BEGIN

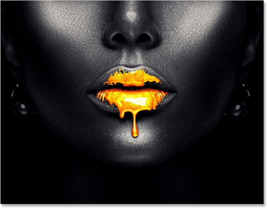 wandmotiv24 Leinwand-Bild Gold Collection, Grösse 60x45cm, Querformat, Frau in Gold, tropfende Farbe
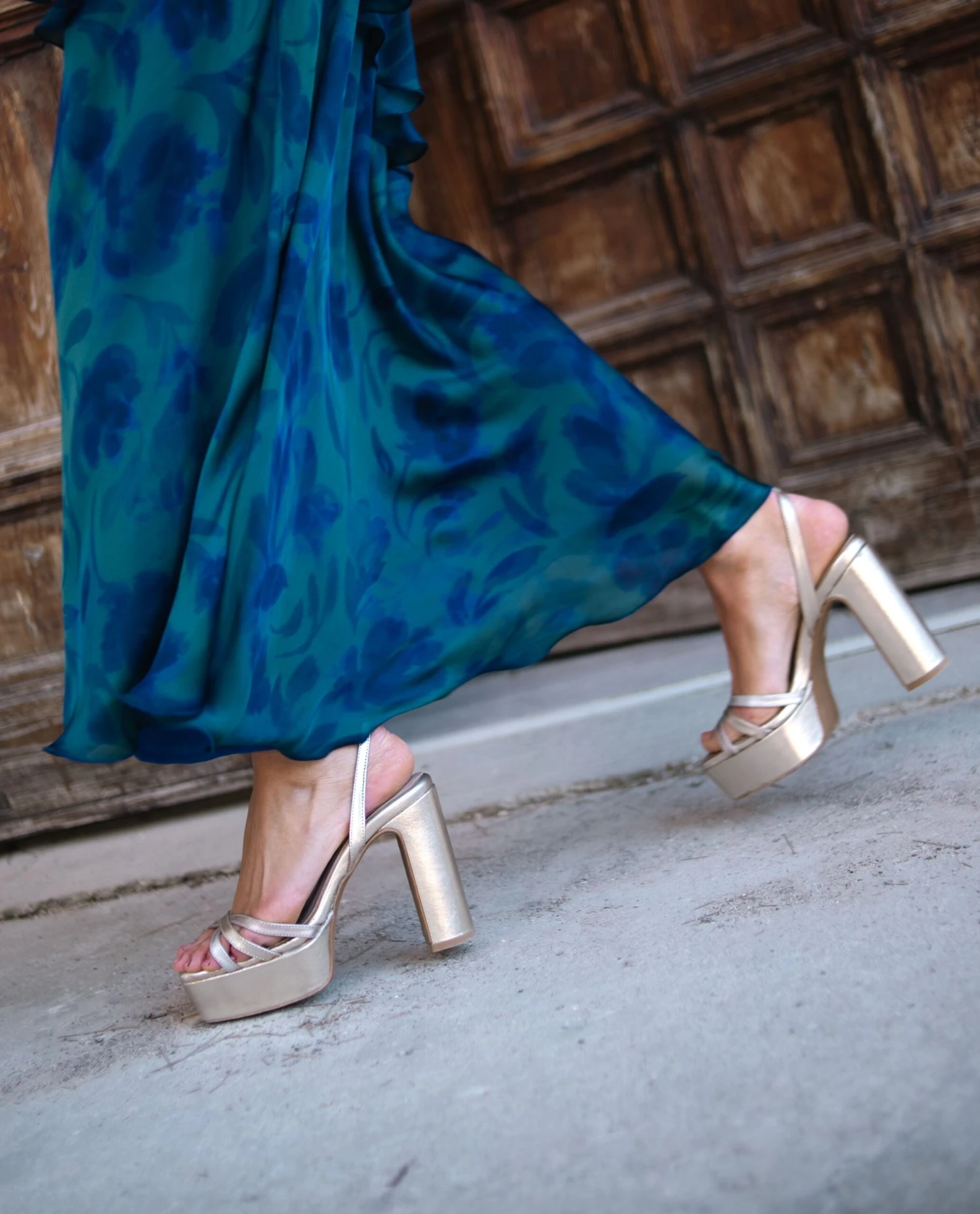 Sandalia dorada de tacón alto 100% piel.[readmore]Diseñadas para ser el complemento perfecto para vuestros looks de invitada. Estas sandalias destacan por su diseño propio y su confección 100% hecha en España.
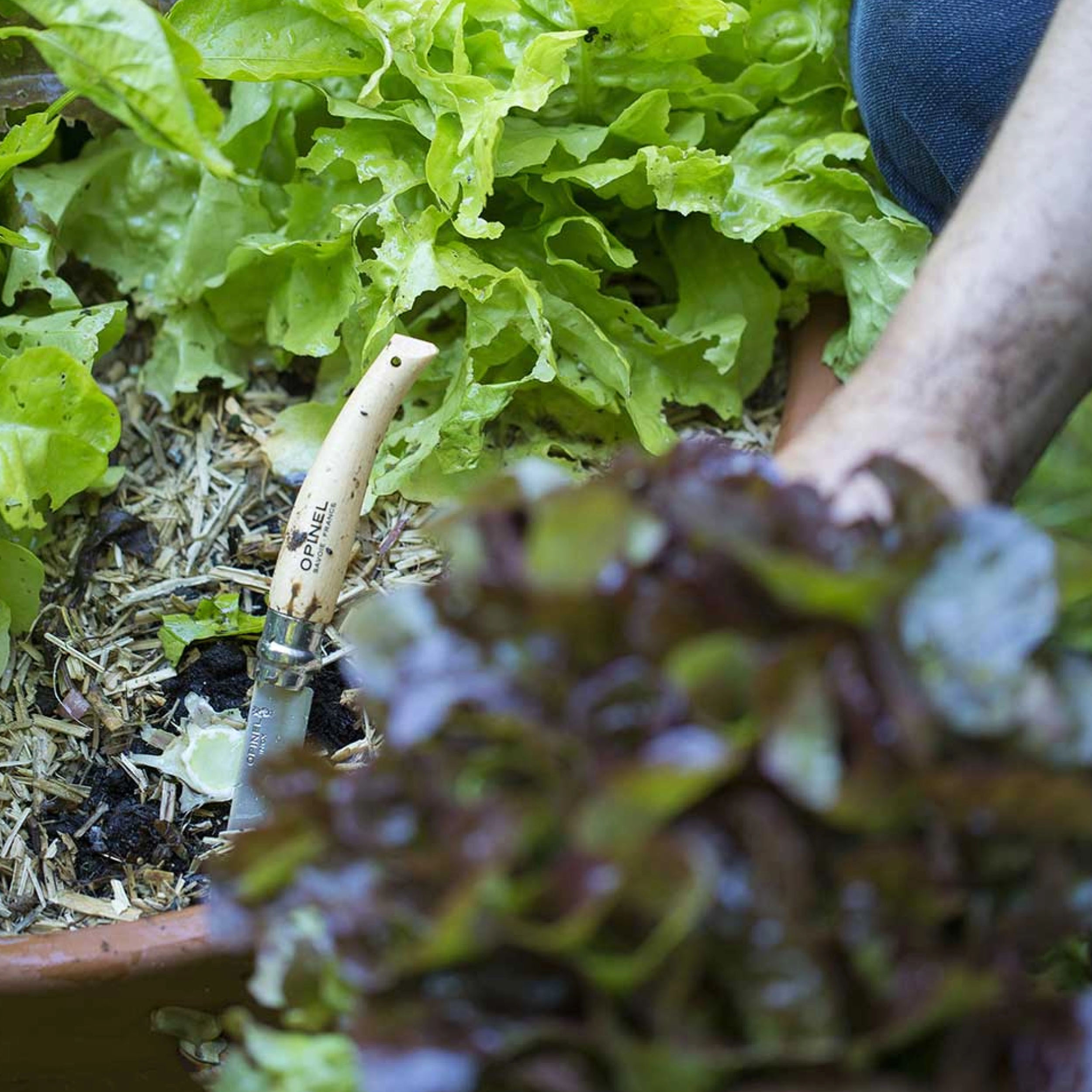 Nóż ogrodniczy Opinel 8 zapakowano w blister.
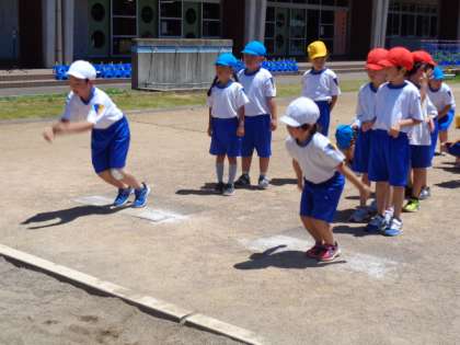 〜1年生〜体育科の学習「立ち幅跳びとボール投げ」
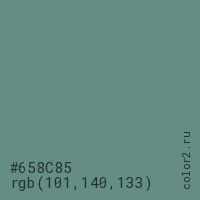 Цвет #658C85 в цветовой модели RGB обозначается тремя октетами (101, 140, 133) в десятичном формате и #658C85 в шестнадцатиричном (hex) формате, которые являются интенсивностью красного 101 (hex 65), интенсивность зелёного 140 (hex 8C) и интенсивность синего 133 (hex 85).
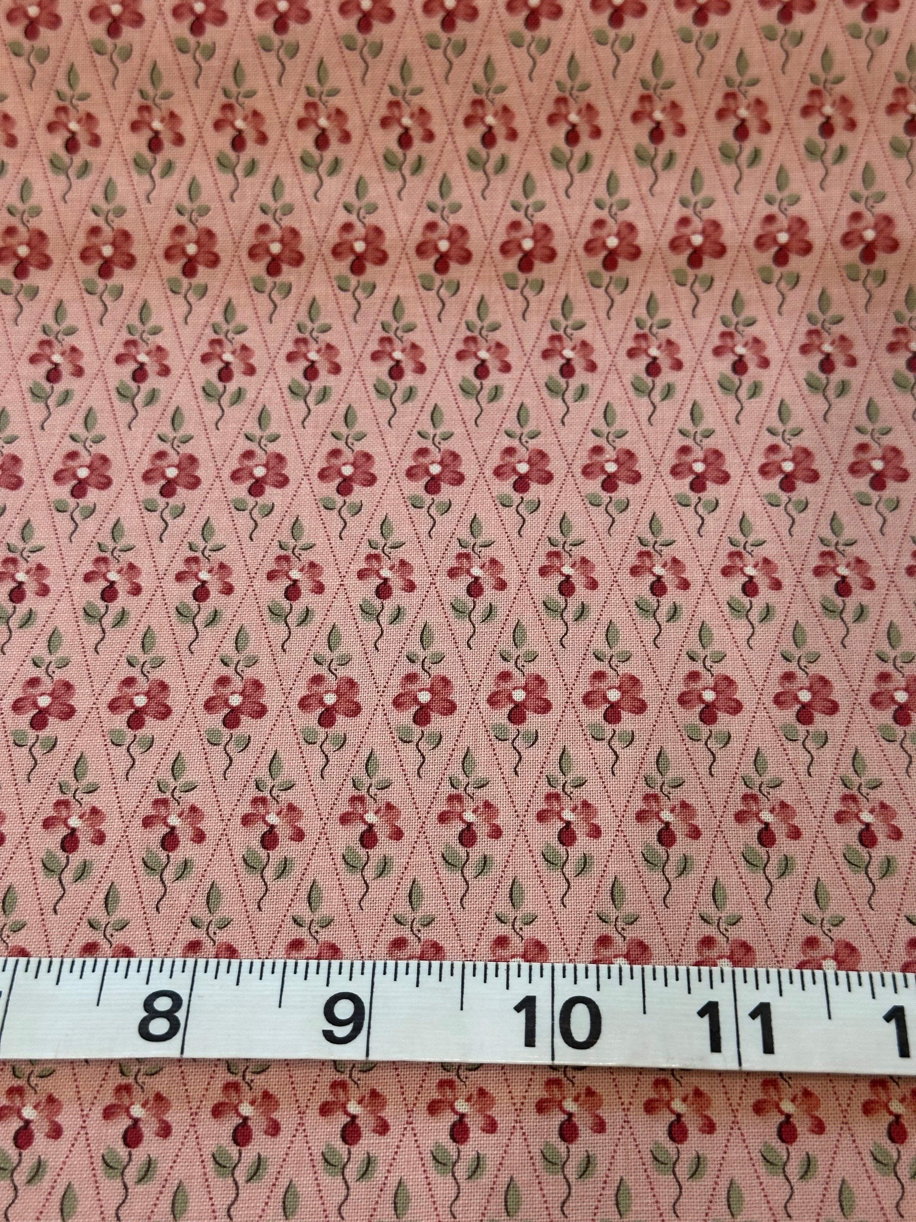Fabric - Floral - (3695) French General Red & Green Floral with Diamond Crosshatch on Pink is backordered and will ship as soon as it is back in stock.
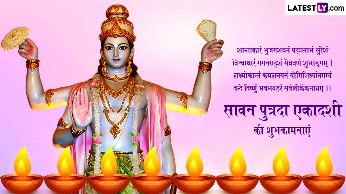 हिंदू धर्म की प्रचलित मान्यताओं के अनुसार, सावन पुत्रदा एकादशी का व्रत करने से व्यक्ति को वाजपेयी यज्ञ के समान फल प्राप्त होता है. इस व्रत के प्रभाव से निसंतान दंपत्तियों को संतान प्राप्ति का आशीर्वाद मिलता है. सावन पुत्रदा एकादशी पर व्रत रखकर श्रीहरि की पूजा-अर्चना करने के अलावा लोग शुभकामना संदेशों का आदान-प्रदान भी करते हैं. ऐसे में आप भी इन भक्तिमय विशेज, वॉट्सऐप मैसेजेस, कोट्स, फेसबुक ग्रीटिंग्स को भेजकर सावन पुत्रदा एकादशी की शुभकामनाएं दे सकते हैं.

END

→ **Task goal**: Working from the records above, reproduce exactly the lines from the one with "Nóż ogrodniczy Opinel" through the last line, without the pictures.

→ **Solved exercise**:
 Nóż ogrodniczy Opinel 8 zapakowano w blister.
 〜1年生〜体育科の学習「立ち幅跳びとボール投げ」
 Цвет #658C85 в цветовой модели RGB обозначается тремя октетами (101, 140, 133) в десятичном формате и #658C85 в шестнадцатиричном (hex) формате, которые являются интенсивностью красного 101 (hex 65), интенсивность зелёного 140 (hex 8C) и интенсивность синего 133 (hex 85).
Fabric - Floral - (3695) French General Red & Green Floral with Diamond Crosshatch on Pink is backordered and will ship as soon as it is back in stock.
 हिंदू धर्म की प्रचलित मान्यताओं के अनुसार, सावन पुत्रदा एकादशी का व्रत करने से व्यक्ति को वाजपेयी यज्ञ के समान फल प्राप्त होता है. इस व्रत के प्रभाव से निसंतान दंपत्तियों को संतान प्राप्ति का आशीर्वाद मिलता है. सावन पुत्रदा एकादशी पर व्रत रखकर श्रीहरि की पूजा-अर्चना करने के अलावा लोग शुभकामना संदेशों का आदान-प्रदान भी करते हैं. ऐसे में आप भी इन भक्तिमय विशेज, वॉट्सऐप मैसेजेस, कोट्स, फेसबुक ग्रीटिंग्स को भेजकर सावन पुत्रदा एकादशी की शुभकामनाएं दे सकते हैं.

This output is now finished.